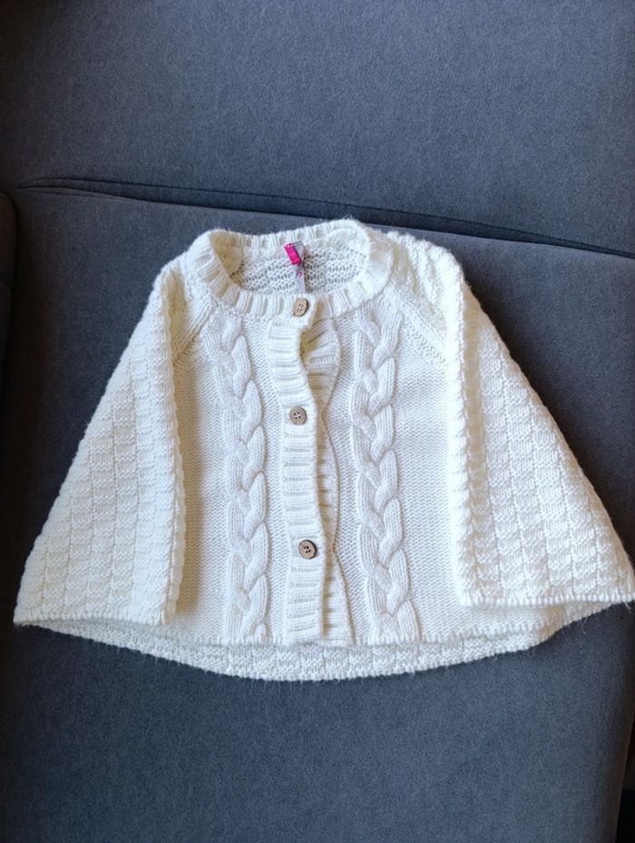 Beau poncho en maille. Petits trous sur les côtés pour passer les bras. Fermeture par boutons. Taille 12 mois. Très bon état D'autres articles enfant à vendre dans mon dressing (fille jusqu'à 12 ans, garçon jusqu'à 3 ans). N'hésitez pas à aller les consulter et à faire un lot 😉 Utilisez le filtre pour faciliter vos recherches 👍
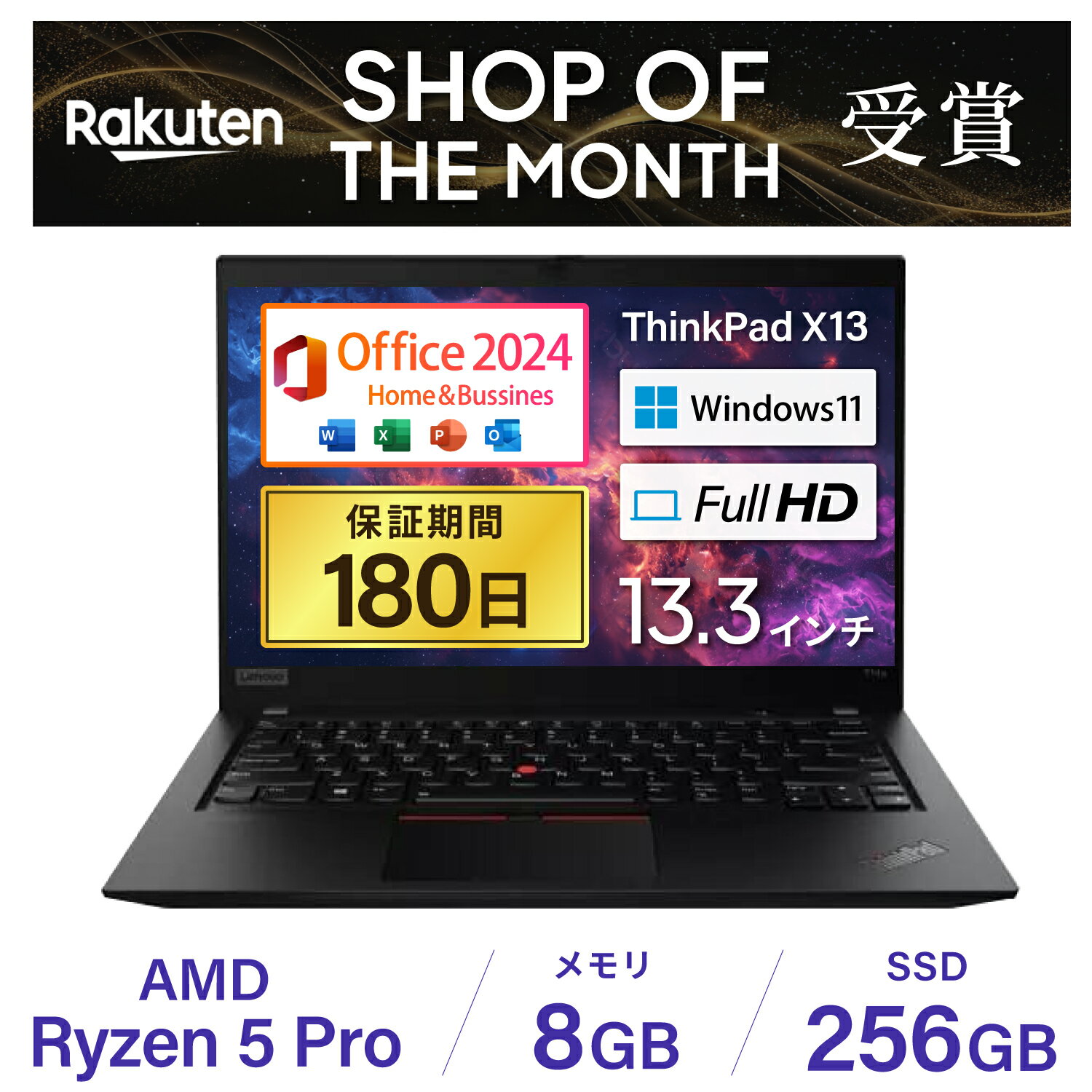 2024H&B|中古ノートパソコン Windows11 Microsoft Office 2024 H&B|Lenovo ThinkPad X13 Gen1|AMD Ryzen 5 PRO 4650U|メモリ 8GB ストレージ M.2 SSD 256GB|Core i5 第10世代 相当|Wi-Fi 無線 Bluetooth FHD 1,920×1,080 IPS 13.3インチ 薄型軽量|
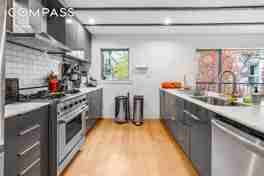 Welcome to 209 Calyer Street, #2, a gut renovated duplex from 1889 with 3 large bedrooms, 2.5 bathrooms, a vast and bright living room with big windows on both sides, a large home office, a modern kitchen, spacious furnished roof deck with a view of Manhattan and access to a shared garden. On the first level of this modern duplex is a very spacious primary bedroom with ensuite windowed bathroom with a walk in stall shower and double sink. Two spacious bedrooms with Northern exposure, a 2nd bathroom with a large soaking tub and washer and dryer closet. All bedrooms have ample closet space. Going up the stairs to 2nd level is a powder room in the stair case. The 2nd level is divided in a huge kitchen, dining area, living area and specious home office. Off the dining area is a windowed balcony with Northern exposure. The kitchen has all appliances and vented outside exhaust. The living area is wide, with high ceilings, two fire places and spacious home office to close off with a pocket door. On the 3rd level is a private and cozy furnished roof deck with all around views. In Greenpoint you ll find a friendly mix of old, well-loved neighborhood businesses mixed with brand-new Brooklyn eateries, shopping, bars, nightclubs, and waterfront parks with beautiful views of Manhattan. Public transportation is the G and L line and the East River Ferry, one stop to Manhattan.
● ● ● ●
# Problem statement
Each line from the one containing "2024H&B|中古ノートパソコン Windows11 Microsoft" through the last line of the listing must be copied exactly, and the pictures must not be.

# Reply to the exercise
 2024H&B|中古ノートパソコン Windows11 Microsoft Office 2024 H&B|Lenovo ThinkPad X13 Gen1|AMD Ryzen 5 PRO 4650U|メモリ 8GB ストレージ M.2 SSD 256GB|Core i5 第10世代 相当|Wi-Fi 無線 Bluetooth FHD 1,920×1,080 IPS 13.3インチ 薄型軽量|
 Welcome to 209 Calyer Street, #2, a gut renovated duplex from 1889 with 3 large bedrooms, 2.5 bathrooms, a vast and bright living room with big windows on both sides, a large home office, a modern kitchen, spacious furnished roof deck with a view of Manhattan and access to a shared garden. On the first level of this modern duplex is a very spacious primary bedroom with ensuite windowed bathroom with a walk in stall shower and double sink. Two spacious bedrooms with Northern exposure, a 2nd bathroom with a large soaking tub and washer and dryer closet. All bedrooms have ample closet space. Going up the stairs to 2nd level is a powder room in the stair case. The 2nd level is divided in a huge kitchen, dining area, living area and specious home office. Off the dining area is a windowed balcony with Northern exposure. The kitchen has all appliances and vented outside exhaust. The living area is wide, with high ceilings, two fire places and spacious home office to close off with a pocket door. On the 3rd level is a private and cozy furnished roof deck with all around views. In Greenpoint you ll find a friendly mix of old, well-loved neighborhood businesses mixed with brand-new Brooklyn eateries, shopping, bars, nightclubs, and waterfront parks with beautiful views of Manhattan. Public transportation is the G and L line and the East River Ferry, one stop to Manhattan.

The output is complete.